Remove Duplicate Records Using SSIS Step by Step
It is very easy task to remove the duplicate rows from the
table using SSIS package. To remove the duplicate records in SSIS there are multiple ways and I am using SORT
transformation. Below I am showing you a simple example for removing the
duplicates.
Go to the BIDS >> choose new project >> choose
Integration Service Project >> give your package name and press OK button.
Now inside the Toolbox from Control flow item select the Data Flow Task
and drag and drop into design area.
Rename the Data Flow Task.
Double click on Data Flow Task OR Right Click on Data Flow Task
and choose edit.
Inside the Data Flow Task choose OLEDB Data Source and Drag and
drop it into design area.
Rename it.
Double click on OLEDB Data Source.
OLEDB Data Source Editor
will open. Now click on NEW button.
Again a new Editor
will open here we again click on NEW button to configure the connection from
the Database.
Here we create connection to Database. For this I am using AdventureWorks
Database So I use our local Server and Database AdventureWorks. After choosing
the Database just check that everything is ok or not by clicking Test Connection
button. If everything is ok then press OK button.

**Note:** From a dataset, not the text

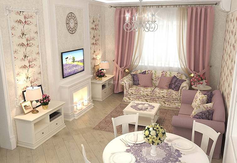 Типовая гостиная оклеивается простыми бумажными обоями. На полы укладывается ламинированная доска и на этом ремонтные работы закончены. Принадлежность к стилю создает мебель. Она изящна, выполнена из натурального массива, имеет характерный цвет. Есть все, что делает интерьер французским: цветы, декор, декоративный текстиль.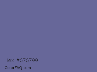 Hex #676799 Color is a normal blue color and the nearest color is Dark Blue Gray #666699. Hex code #676799 and RGB value is rgb(103,103,153). In RGB color space, this color is composed of 40% red, 40% green, 60% blue, In CMYK color space, this color is composed of 33% cyan, 33% magenta, 0% yellow , 40% black , In HSL color space, this color has a hue angle of 240° , 20% saturation and 50% lightness.

Click on Name of the Table or View and choose the table then
click on column to select the column.
Now choose the columns which you want to display and click
on OK.
Drag the SORT Transformation and double click on it for
configure.
Here enable the check box i.e. at the bottom of the
SORT Transformation to remove the
duplicate row and press OK.
Now you can choose any destination to load the data. I am
using derived column to show you the result.
Here Data Viewer Shows the output rows.